* **YOUR OBJECTIVE**
What is printed must match, line for line, the records from their first line through the line containing "- На Арсенальній", with pictures left out.

::: RECORDS TO USE

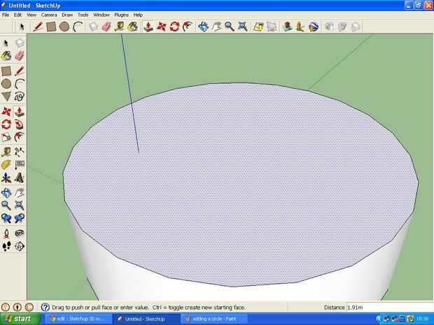 Tenga en cuenta que una característica brillante de sketchup es que con muchas de las herramientas por ejemplo puede seleccionar una superficie a push-pull o un punto de centro donde desee colocar un círculo. entonces después de usted puede cambiar su posición de visión y ángulo y haga clic de nuevo en la misma herramienta que sólo se utiliza, en muchos casos haciendo esto luego permitirá establecer la distancia desde un punto de vista diferente cuando empujar-tirar o establecer el radio de un círculo en un punto no visible en la vista de su centro.
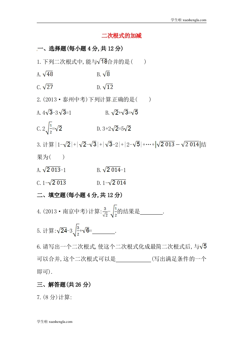 八年级数学下册知识点汇聚测试卷:二次根式的加减初级测试(含详解) (1)
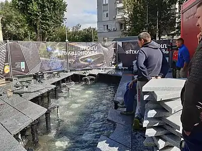 - На Арсенальній площі відкриють пішоходний фонтан, який показуватиме світломузичне шоу (укр.). 31 серпня 2021. Архів оригіналу за 2 вересня 2021.
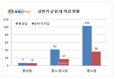 [글로벌이코노믹=김병화기자] 1~2인가구 증가와 베이비부머 은퇴수요증가로 ‘소형 아파트 전성시대’에 돌입한 가운데, 상반기 분양 아파트 중 중대형으로만 구성된 아파트들이 크게 선전한 것으로 나타나 눈길을 끌고 있다.부동산정보업체 ㈜부동산써브에 따르면, 올해 상반기에 분양한 전국 152곳 중 전용면적 85㎡ 초과 중대형으로만 구성된 단지는 총 7곳으로 이 중 6곳이 순위 내 마감에 성공해 순위 내 마감 비율 85.71%를 기록했다.
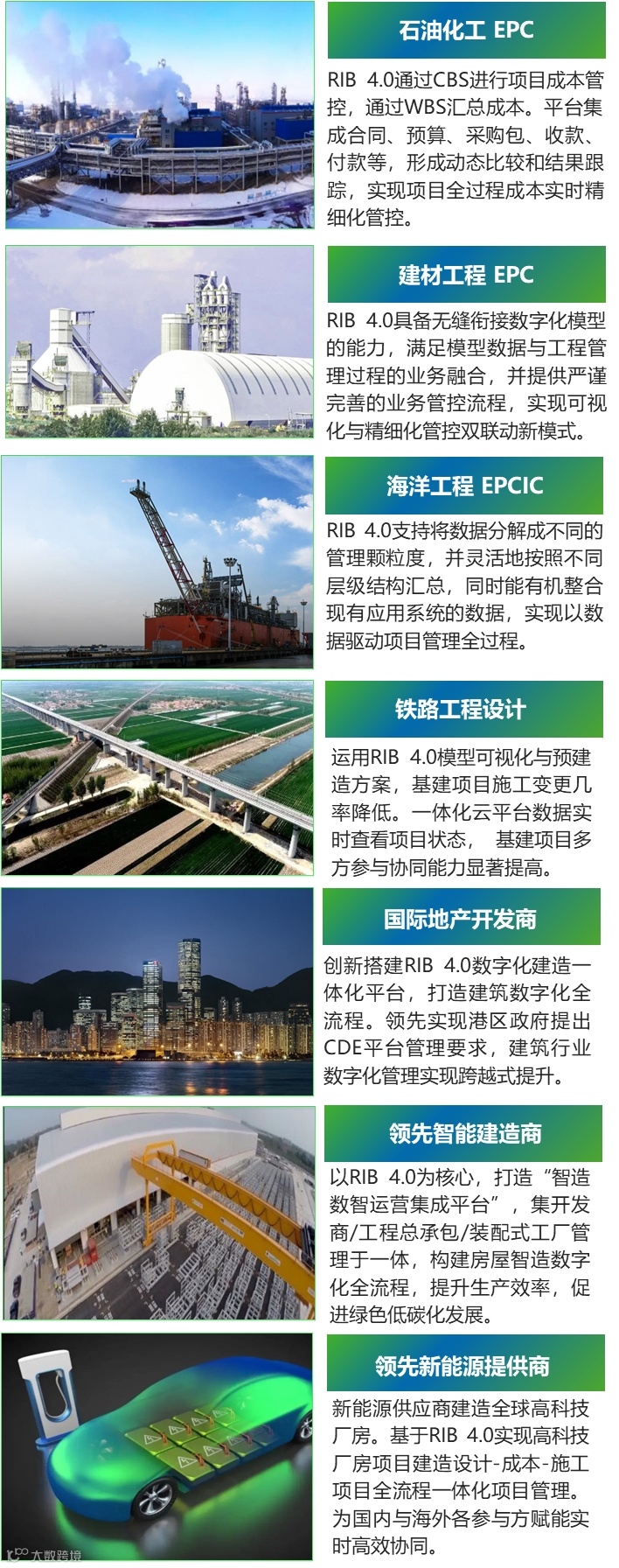 RIB 4.0在石油化工、建材工程、海洋工程、铁路工程设计、国际地产开发、智能建造和新能源等领域广泛应用,展现出卓越的价值。

::::::

* **EXERCISE OUTPUT**
 Tenga en cuenta que una característica brillante de sketchup es que con muchas de las herramientas por ejemplo puede seleccionar una superficie a push-pull o un punto de centro donde desee colocar un círculo. entonces después de usted puede cambiar su posición de visión y ángulo y haga clic de nuevo en la misma herramienta que sólo se utiliza, en muchos casos haciendo esto luego permitirá establecer la distancia desde un punto de vista diferente cuando empujar-tirar o establecer el radio de un círculo en un punto no visible en la vista de su centro.
 八年级数学下册知识点汇聚测试卷:二次根式的加减初级测试(含详解) (1)
 - На Арсенальній площі відкриють пішоходний фонтан, який показуватиме світломузичне шоу (укр.). 31 серпня 2021. Архів оригіналу за 2 вересня 2021.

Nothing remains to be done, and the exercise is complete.